UCI, though, was different. The visual studies program, according to Carter, is “challenging, yet refreshingly down-to-earth.” The friendliness of the faculty, the availability of resources for first-gen students and the support of her peers were the biggest factors for Carter in choosing UCI – indeed, it was the only school she applied to.

The summer before starting here, she participated in the Competitive Edge program, an eight-week initiative designed to help incoming Ph.D. students underrepresented in their fields acclimate to the campus, access resources, and conduct research with faculty and peer mentors. Carter wrote a pitch for a television show starring marginalized actors and directors and intended through this “mutually beneficial, participatory” project to study how such artists use digital tools to break into Hollywood.

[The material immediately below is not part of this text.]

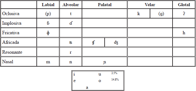 Romero (2013, 2015a) hizo una revisión de la fonología y propuso el siguiente inventario de fonemas, basado en el corpus recolectado del anciano Mamerto Ríos.
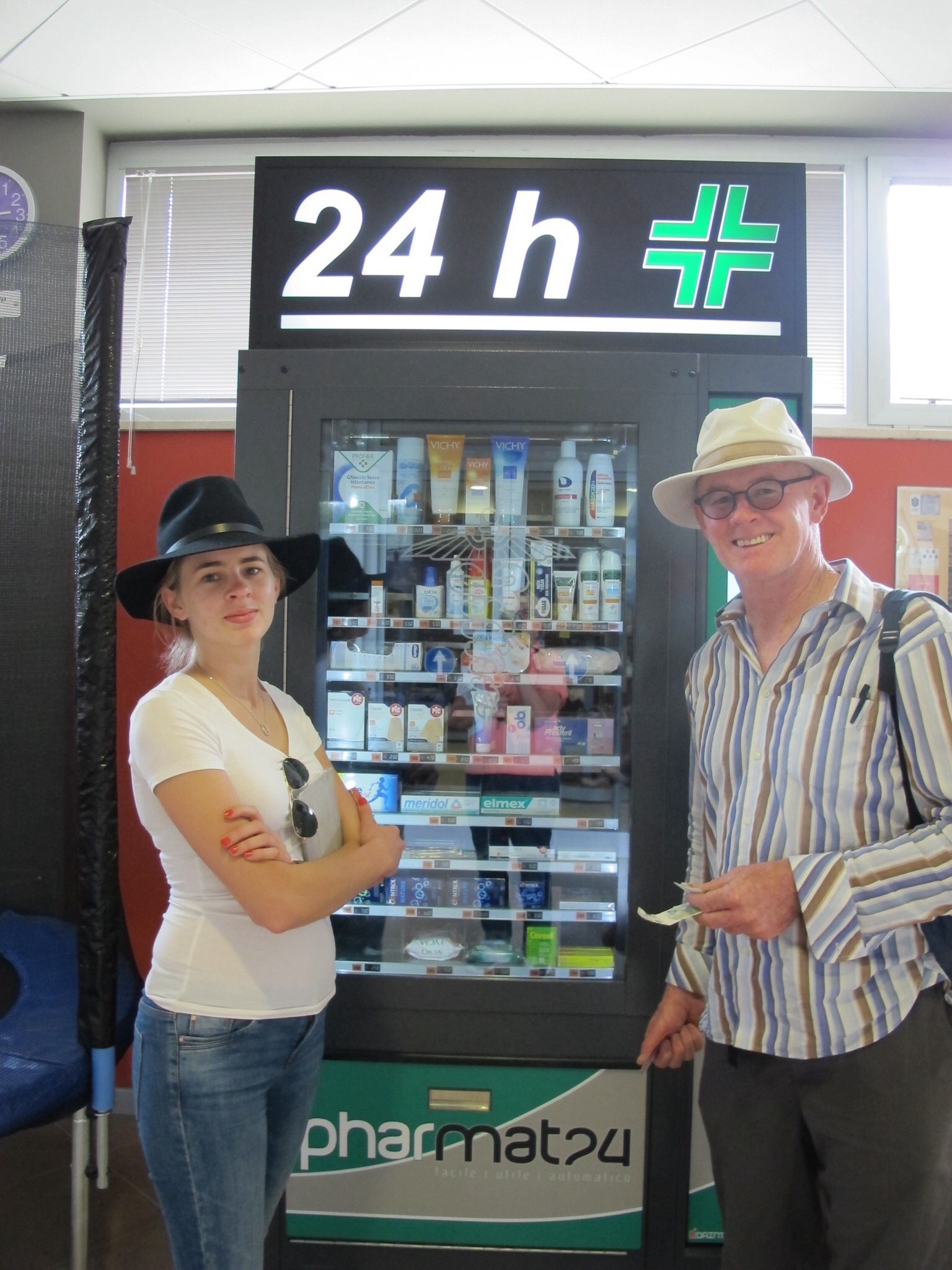 We spotted this rather spoilt dog on our trek back to the van. Then of interest to Terry Stone … this pharmacy vending machine in the car park.

“I got to practice articulating my research, so I feel confident bringing it up now,” she says. “Working with my mentors helped assuage some of my insecurities and made me realize that I am smart enough to be here, I am deserving and capable of being in academia.”

Although first-year Ph.D. students focus mainly on taking classes, Carter has already begun conceptualizing her dissertation project: She plans to orchestrate her own production, recruiting marginalized artists from across Southern California, and will carry out an ethnographic study on how the cast and crew adapt to the creative workplace. This, she hopes, will be the first of many ventures in a long academic career spent both studying her field and actively participating in it as a creative producer.

“I love to write, read, present, create and be in the throes of knowledge production,” Carter says. “I’m always finding ways to straddle the line between creative and academic – because I’m definitely both.”

She remembers a formative phone call with film & media studies professor Fatimah Tobing Rony just before beginning her first quarter at UCI. When discussing Carter’s plan of study, Rony asked her to evaluate the “landscape of her life” and make sure her academic goals aligned with her “wild artist” identity, her family history and her passions. Reflecting on the myriad worlds she’d already experienced, Carter opted to pursue a career as an “artist-academic” and is determined to make the creative world – and higher education – more accessible to students like herself.

“Just the fact that I’m still here in academia, despite all the things that could have taken me out or in a whole different direction, makes me so proud,” she says. “Coming into visual studies at UCI feels like walking into a space filled with a lot of different people who are going to help form me into the academic I’d like to be.”